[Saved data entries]

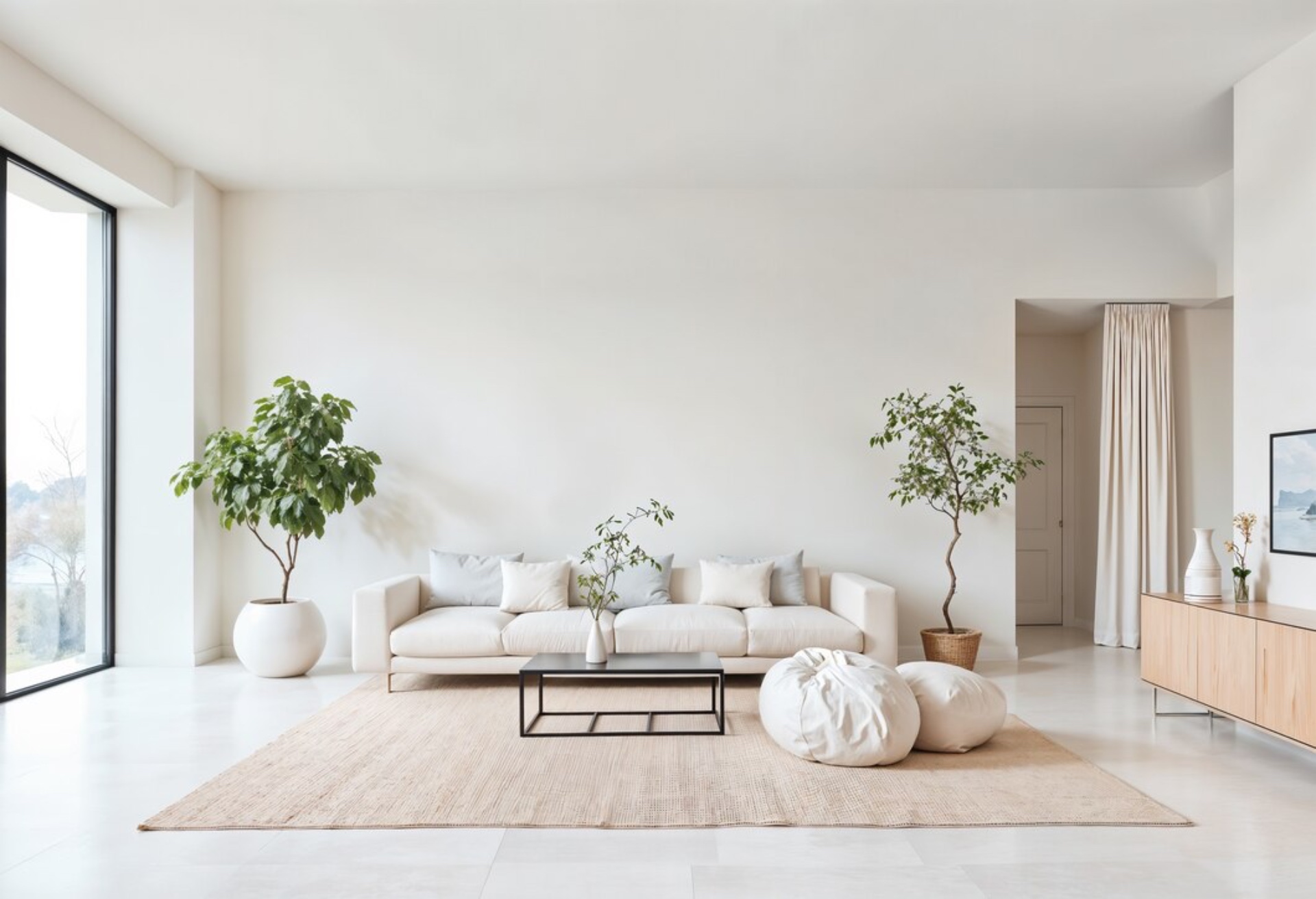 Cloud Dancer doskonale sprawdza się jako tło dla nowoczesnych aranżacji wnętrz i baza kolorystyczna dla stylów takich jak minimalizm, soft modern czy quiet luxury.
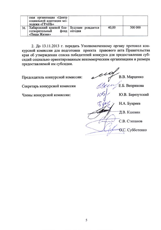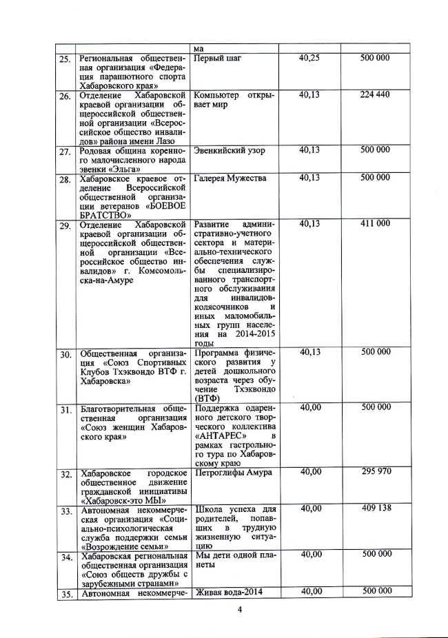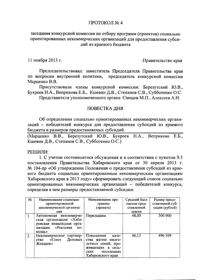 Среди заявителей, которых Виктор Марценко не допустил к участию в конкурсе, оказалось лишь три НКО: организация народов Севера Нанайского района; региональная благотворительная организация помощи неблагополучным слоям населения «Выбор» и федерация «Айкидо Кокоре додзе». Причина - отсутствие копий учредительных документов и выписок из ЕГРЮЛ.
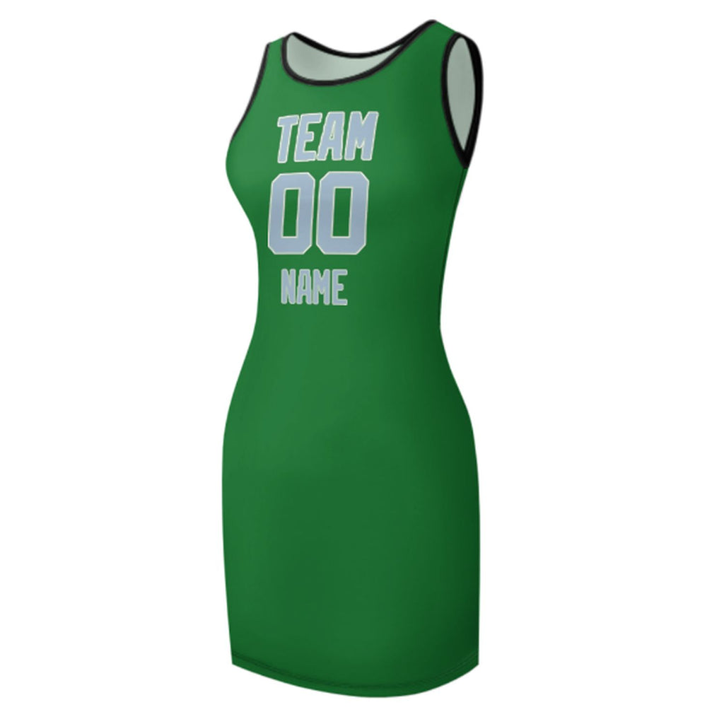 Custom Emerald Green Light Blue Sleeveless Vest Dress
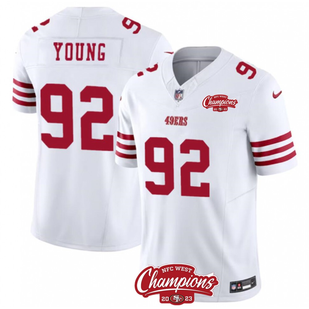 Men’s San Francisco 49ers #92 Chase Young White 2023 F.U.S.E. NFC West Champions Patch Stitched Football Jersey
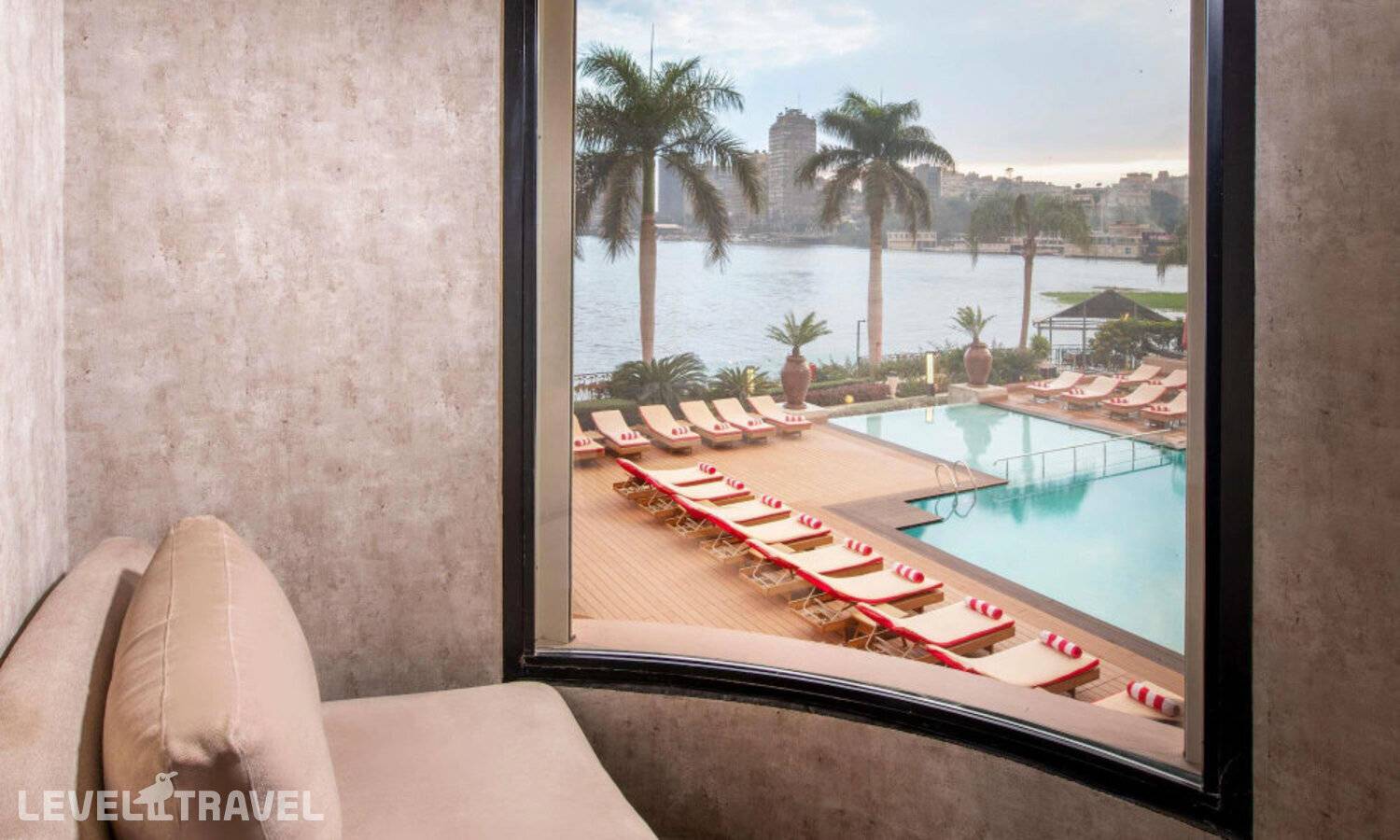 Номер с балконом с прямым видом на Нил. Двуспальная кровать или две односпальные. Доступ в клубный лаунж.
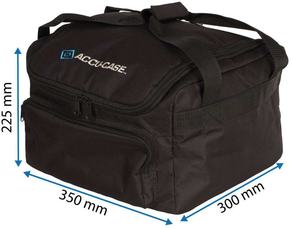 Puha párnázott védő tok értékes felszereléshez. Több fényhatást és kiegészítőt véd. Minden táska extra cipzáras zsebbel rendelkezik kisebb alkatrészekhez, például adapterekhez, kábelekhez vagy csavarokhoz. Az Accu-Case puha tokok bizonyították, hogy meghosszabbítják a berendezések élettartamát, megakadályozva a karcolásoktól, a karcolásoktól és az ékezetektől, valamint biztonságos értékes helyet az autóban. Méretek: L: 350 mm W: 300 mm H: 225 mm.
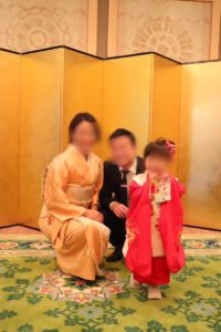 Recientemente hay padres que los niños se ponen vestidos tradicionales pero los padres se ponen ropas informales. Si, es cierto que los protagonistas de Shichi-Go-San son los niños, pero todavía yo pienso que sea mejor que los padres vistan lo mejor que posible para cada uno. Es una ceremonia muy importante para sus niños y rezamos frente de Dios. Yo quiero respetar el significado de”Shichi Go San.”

__Exercise requirements__. Make an exact copy of the lines above, beginning with the line with "Номер с балконом" and ending with the line with "Puha párnázott védő", and keep the pictures out of it.

__Response to the exercise__.
 Номер с балконом с прямым видом на Нил. Двуспальная кровать или две односпальные. Доступ в клубный лаунж.
 Puha párnázott védő tok értékes felszereléshez. Több fényhatást és kiegészítőt véd. Minden táska extra cipzáras zsebbel rendelkezik kisebb alkatrészekhez, például adapterekhez, kábelekhez vagy csavarokhoz. Az Accu-Case puha tokok bizonyították, hogy meghosszabbítják a berendezések élettartamát, megakadályozva a karcolásoktól, a karcolásoktól és az ékezetektől, valamint biztonságos értékes helyet az autóban. Méretek: L: 350 mm W: 300 mm H: 225 mm.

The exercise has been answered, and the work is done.